本文旨在通过对Covid-19相关的研究文章进行研究,并对其进行抽象总结,揭开与Covid-19相关的神话,找到犹豫接种疫苗的可能根本原因。根据印度政府的官方网站,截至2023年1月20日,印度14亿总人口中有10亿人接种了全面疫苗。为了彻底根除3年前出现的Covid - 19,所有人都需要接种疫苗,但事实并非如此,因为报纸、社交媒体等上发表的各种文章真实性不明,人们对接种疫苗犹豫不决。在本文中,我们将尝试使用BERT和GPT-2模型总结CORD-19数据集中可用的所有文章。对于抽取摘要,BERT模型表现良好,但在抽象摘要方面仍有改进的余地。我们的方法包括利用正则化来抑制局部相似度,同时提高全局相似度,使用具有更高计算资源的蒸馏-gpt2版本。我们使用了V100 GPU和google lab-pro的100个计算引擎,以实现更快的计算速度和更高的精度。结果将阐述Rouge和Bleu评分及其相关意义进行总结。
本文章由计算机程序翻译,如有差异,请以英文原文为准。
查看原文
分享 分享
微信好友 朋友圈 QQ好友 复制链接
本刊更多论文
Abstractive Text Summarization Using BERT and GPT-2 Models
This paper aims to study the research articles related to Covid-19 and provide abstractive summarization on the same, demystifying the myths related to covid-19 as well as finding the possible root cause of hesitation in taking the vaccine.

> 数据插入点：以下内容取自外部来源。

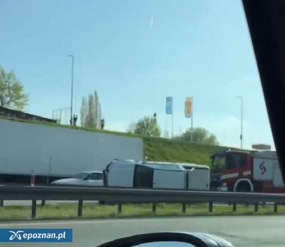 Utrudnienia na poznańskim odcinku A2! Samochód leży na boku

As per the government of India’s official site, as on 20th Jan 2023, 1 billion people have been fully vaccinated out of India’s total population of 1.4 billion. To fully eradicate Covid - 19, which emerged 3 years ago, the entire population needs to be vaccinated, but that’s not the case as people hesitate to get vaccinated due to various articles published in newspapers, social media, etc., the authenticity of which are unknown. In this paper we will try to summarize all the articles, as available in the CORD-19 dataset, using BERT and GPT-2 models. For extractive summarization, BERT models performed well, but there is a scope for improvement in abstractive summarization. Our approach involves utilizing regularization to suppress local similarity while simultaneously promoting global similarity, using the distill-gpt2 version with higher computing resources. We used V100 GPU with 100 computing engines from google collab-pro for faster computation and higher accuracy. The result will elaborate on the Rouge and Bleu score and its relevant significance for summarization.
求助全文
通过发布文献求助,成功后即可免费获取论文全文。 去求助
来源期刊
自引率
0.00%
发文量
0
期刊最新文献
Three Port Full Bridge PFC Converter for Hybrid AC/DC/DC System with Fuzzy Logic Control ESH: A Non-Monotonic Activation Function For Image Classification Image Classification using Quantum Convolutional Neural Network Machine Learning Based Predictive Model for Intrusion Detection EV Sahayak: Android Assistance App for Electric Vehicle
×
引用
GB/T 7714-2015
复制
MLA
复制
APA
复制
导出至
BibTeX EndNote RefMan NoteFirst NoteExpress
×
×
提示
您的信息不完整,为了账户安全,请先补充。
现在去补充
×
提示
您因"违规操作"
具体请查看互助需知
我知道了
×
提示
现在去查看 取消
×
提示
确定
0
微信
客服QQ
Book学术公众号 扫码关注我们
反馈
×
意见反馈
请填写您的意见或建议
请填写您的手机或邮箱
已复制链接
已复制链接
快去分享给好友吧!
我知道了
×
扫码分享
扫码分享
Book学术官方微信
Book学术文献互助
Book学术文献互助群
群 号:481959085
Book学术
文献互助 智能选刊 最新文献 互助须知 联系我们:info@booksci.cn
Book学术提供免费学术资源搜索服务,方便国内外学者检索中英文文献。致力于提供最便捷和优质的服务体验。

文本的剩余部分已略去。